So basically the question for now is whether errno = err; is in BIO_sendmmsg or libssl. Since it's just one line, it doesn't make a massive difference either way, but I'd argue it should be libssl doing this:

If we put this in BIO_sendmmsg things like this will probably happen accidentally again in the future.
Callers of BIO_sendmmsg other than our existing SSL code will forget about the errno channel, and then callers of those callers end up depending on it. Will we always remember to put errno = 0; after every call to BIO_sendmmsg or BIO_recvmmsg in our QUIC implementation, etc. If we don't, this kind of unintended dependency is going to happen again, somehow...
The object of this is to preserve the documented semantics of the libssl API, so it's logical for libssl to do this.
Having it done explicitly in libssl also makes it less likely for this behaviour to be accidentally broken later, and serves to document this in code, as currently this is rather subtle. Nor is it burdensome, since it's literally one line.

The only concern I have is making libssl touch errno, which doesn't necessarily exist on all platforms (and needs to be WSASetLastError on Win32). Though it looks like it already does in one case. But this can be readily abstracted by adding a set_last_socket_error to match the existing get_last_socket_error.

So all libssl would have to do, if it decides to preserve these semantics when using sendmmsg/recvmmsg would be:

int err;

num_processed = BIO_sendmmsg(..., &err);
set_last_socket_error(err); /* The OS socket error variable is part of the SSL_read API */

mattcaswell · 2022-08-05T08:23:17Z

I can live with libssl doing this.

However, I have another thought (which may be slightly contradictory to my previous thought, but still needs to be considered). Should we be using OS specific error values at all in a new API? Or should we convert them to an OpenSSL error value of some form. Part of the point of the BIO abstraction is to abstract away system specific details. Applications written to use OpenSSL APIs should be portable. If you write an OpenSSL app on one platform, it should more-or-less work unmodified on a different platform (at least as far as the OpenSSL specific bits are concerned). By incorporating system specific error codes into the API we are breaking that. Users of the API will have to have different code to handle different platforms that they run on.

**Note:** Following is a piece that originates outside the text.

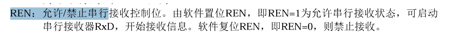 3、将SCON寄存器中的REN位置1,代表允许串口接收数据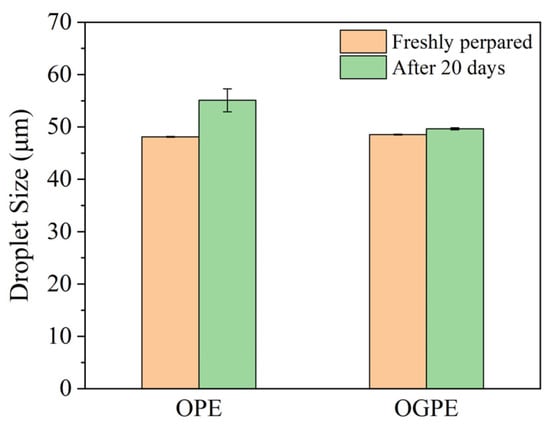 The change in the droplet size of the emulsion in the anionic surfactant with storage time reflected the condensation stability of the emulsion. Meanwhile, the presence of anionic surfactant may inhibit the flocculation of the emulsion droplets, thereby maintaining the separation of individual droplets in the emulsions [33]. The droplet sizes (D4,3) of OPE and OGPE, before and after 20 days of storage, are shown in Figure 1. The size of the droplets of OGPE showed few changes during the 20-day storage compared to the size of the OPE droplets, indicating that OGPE exhibited high coacervation stability. Since the coacervation stability of the emulsion droplets was closely related to the viscoelasticity of the interfacial film, OTF—GA complexes might form a more viscoelastic interfacial film, which was helpful for the inhibition of the condensation of emulsion droplets. In addition, sufficient OTF—GA complexes could be adsorbed on the oil–water interface, forming a denser protective barrier through effective accumulation, playing a steric hindrance role and reducing the condensation of the emulsion droplets [28].

beldmit · 2022-08-05T08:28:16Z

Matt,

I don't think converting OS specific errors is a good idea. When you have os specific error, you can google the possible reasons more effectively.

hlandau · 2022-08-05T08:59:50Z

Option 1: Use our own error codes

I was thinking about this yesterday. It does seem like it would be better in principle to use our own error codes. My main concern is then we would have e.g. a function with a switch statement mapping from OS error codes to our own; but then what if the OS returns an error code we didn't add support for? Not a massive deal since OSes don't want to break compatibility either and it would be odd for them to add a new code in an existing syscall. But new platforms may have OS-specific error codes we don't handle. These would presumably be translated to some kind of BIO_UNKNOWN value. Then people would have to raise PRs to add handling for these error codes if they wanted to be able to discern them. (But then we would switch from returning BIO_UNKNOWN to returning a specific value, which is potentially a breaking change for any existing users that came to depend on us returning BIO_UNKNOWN.)

Option 2: Define-based abstraction

Another option is we do define our own error codes, but these just forward to OS-specific ones:

#ifdef OPENSSL_SYS_WINDOWS
#define BIO_ERR_WOULDBLOCK WSAEWOULDBLOCK
#else
#define BIO_ERR_WOULDBLOCK EWOULDBLOCK
#endif

The numeric BIO_ERR values needn't be the same on all platforms but still provide an effective abstraction. We may need to include the relevant header in bio.h.

But I don't think this works either; there may be multiple error codes on a given OS corresponding to one of our abstracted error codes (for example, EWOULDBLOCK and EAGAIN). Users would presumably test the error code with x == BIO_ERR_WOULDBLOCK so this creates problems.

Option 3: Predicate and opaque system-specific value

BIO_ERR *err outputs a system specific value, and we offer predicates to test it:

typedef int BIO_ERR;
int BIO_ERR_is_would_block(BIO_ERR err);
int BIO_ERR_is_conn_refused(BIO_ERR err);
int BIO_ERR_is_intr(BIO_ERR err);
int BIO_ERR_to_socket_error(BIO_ERR err);
BIO_ERR BIO_ERR_from_socket_error(int err);

I think this is probably the best option:

Abstracts OS values
The application can still access the OS value if it needs it using BIO_ERR_to_socket_error (to support libssl as discussed above)
We can map multiple OS error codes to one predicate (EAGAIN vs. EWOULDBLOCK, etc.)
We can map multiple predicates to one OS error code if desired.
We can add new calls to test new conditions on an error code without breaking backwards compatibility.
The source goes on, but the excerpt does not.